What is needed
Without the images, print every line of the material below exactly as given.

Material provided
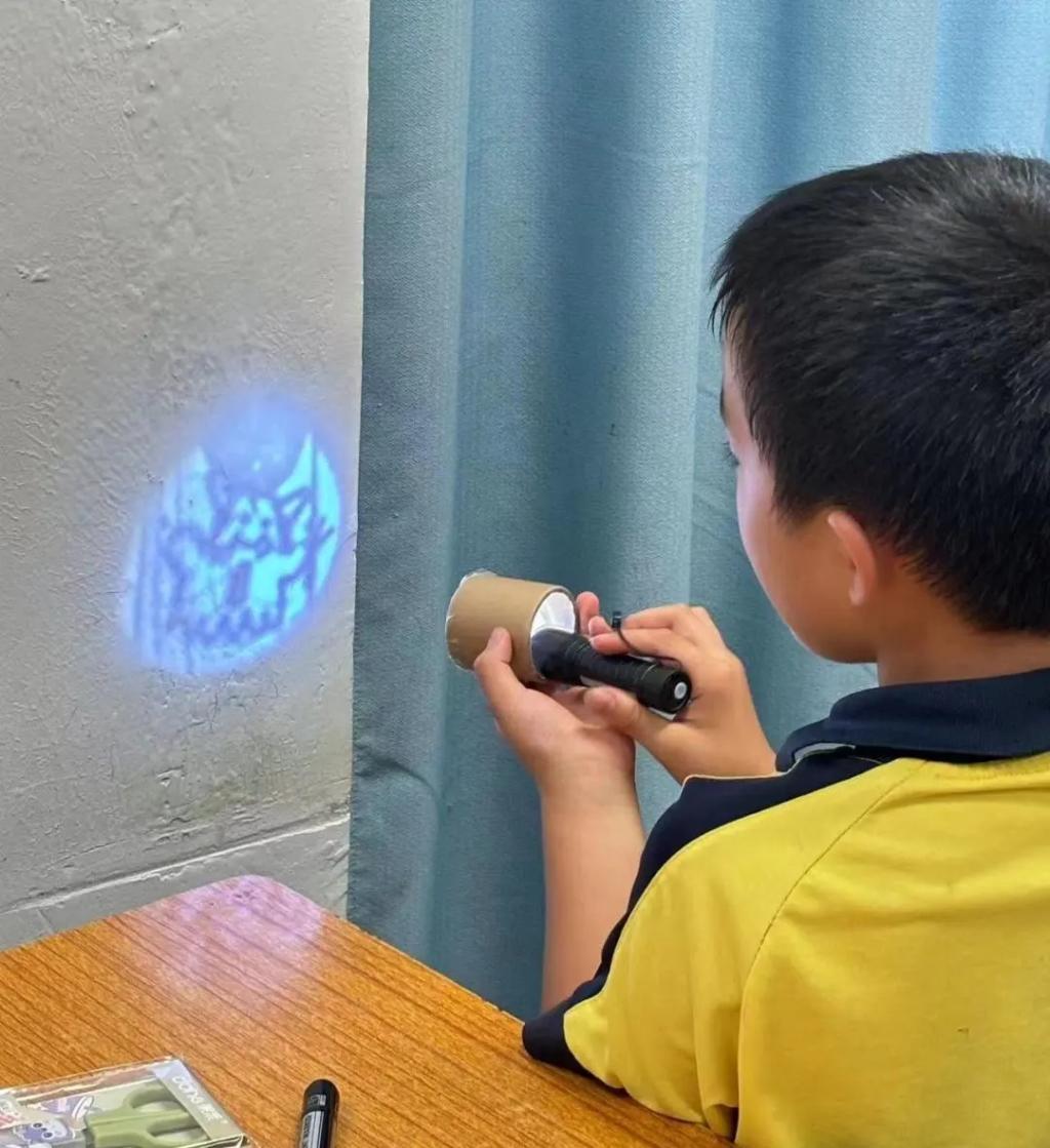 纸杯投影课,则是科学与艺术的浪漫邂逅。简单的材料,在创意的催化下,变身为光影魔术师。孩子们亲手制作的小小投影仪,不仅映射出了奇妙的世界,更点亮了他们探索未知、敢于创新的火种。
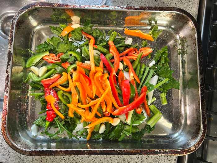 - Bell Peppers – Optional, adding color and sweetness to the roasting pan.
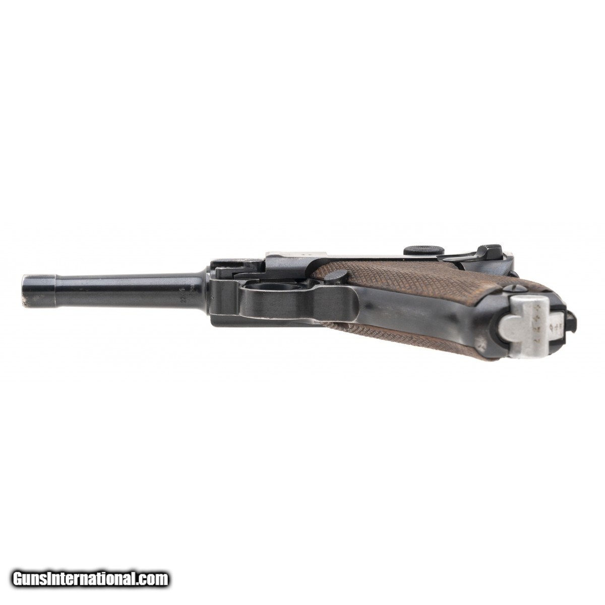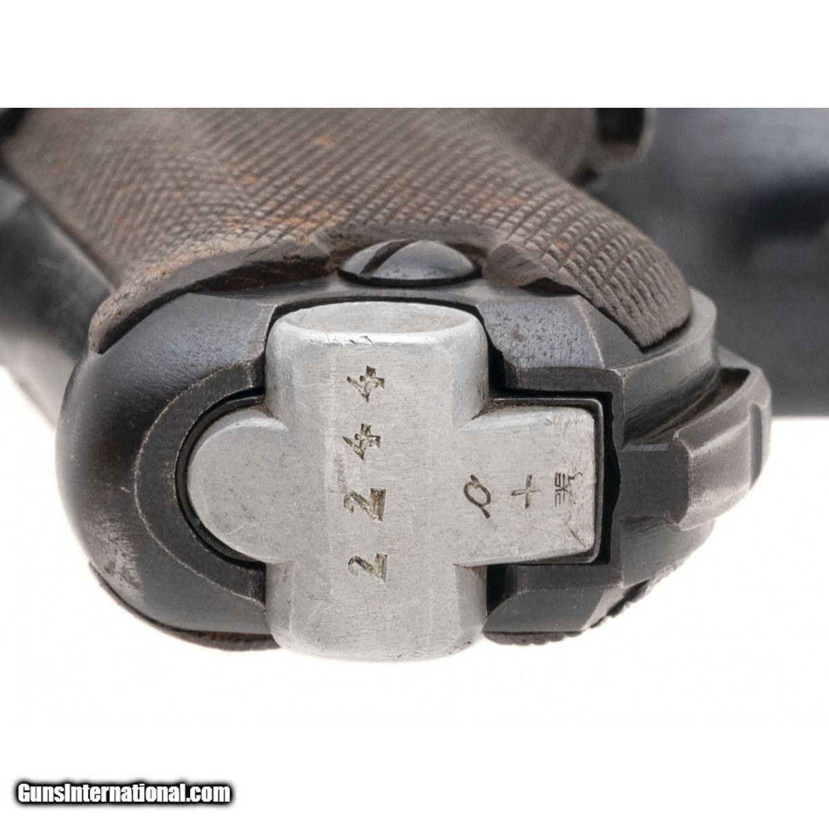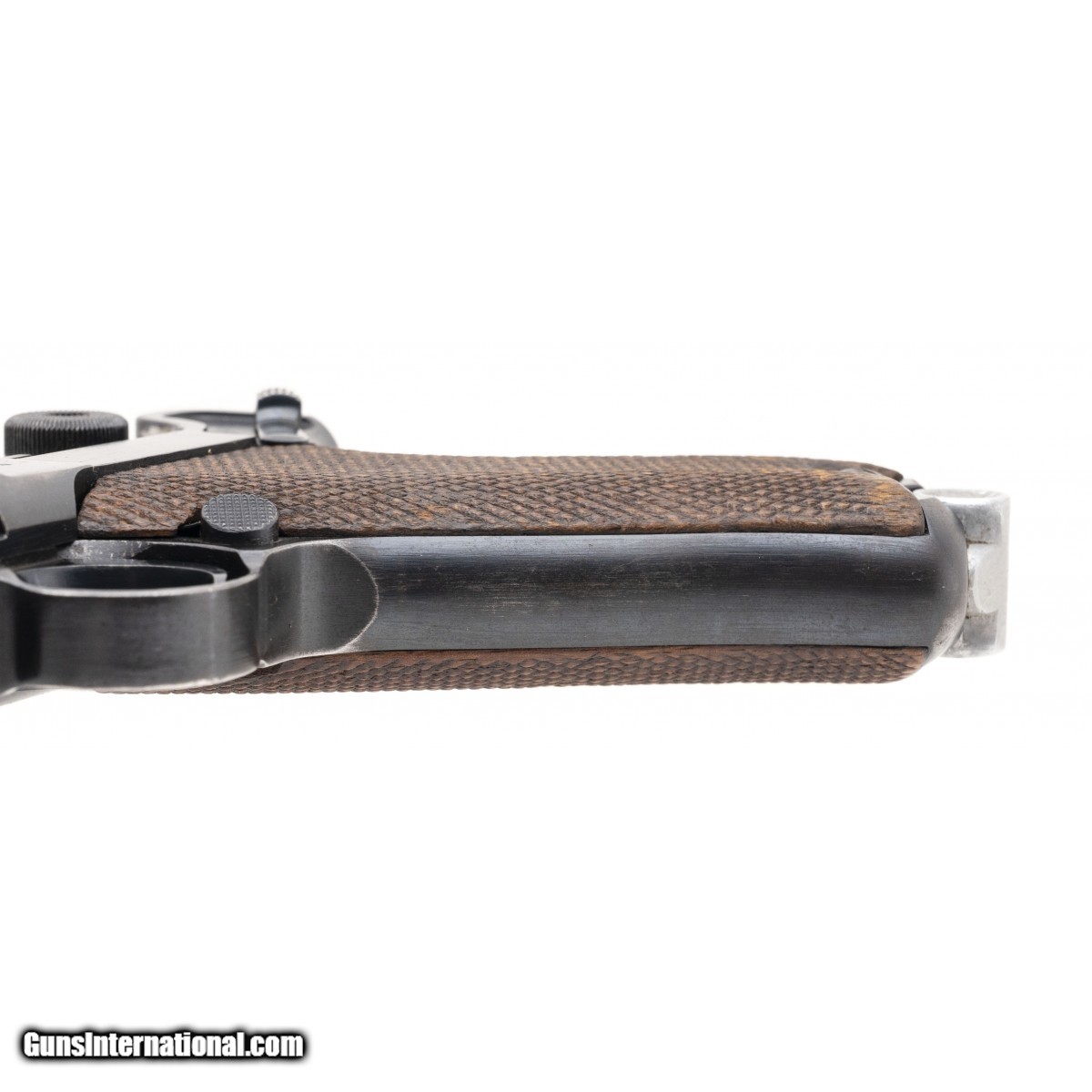 Description: " Serial No. 2244o, made in 1939, 9mm, 4"" round barrel. Finish rates 96% with thinning visible along the sharp edges. Serial numbers are matching including grips and extra magazine, left side grip has a light strike of ""4"" while the right side has a strong ""44"" . Bore is bright and shiny with strong rifling visible. Wooden checkered grips show very light handling wear, texture is crips. Holster is overall very good plus condition with minor wear visible, take down tool is included inside with extra matching magazine! SOLD Curio/Relic: Yes |

Answer
 纸杯投影课,则是科学与艺术的浪漫邂逅。简单的材料,在创意的催化下,变身为光影魔术师。孩子们亲手制作的小小投影仪,不仅映射出了奇妙的世界,更点亮了他们探索未知、敢于创新的火种。
 - Bell Peppers – Optional, adding color and sweetness to the roasting pan.
 Description: " Serial No. 2244o, made in 1939, 9mm, 4"" round barrel. Finish rates 96% with thinning visible along the sharp edges. Serial numbers are matching including grips and extra magazine, left side grip has a light strike of ""4"" while the right side has a strong ""44"" . Bore is bright and shiny with strong rifling visible. Wooden checkered grips show very light handling wear, texture is crips. Holster is overall very good plus condition with minor wear visible, take down tool is included inside with extra matching magazine! SOLD Curio/Relic: Yes |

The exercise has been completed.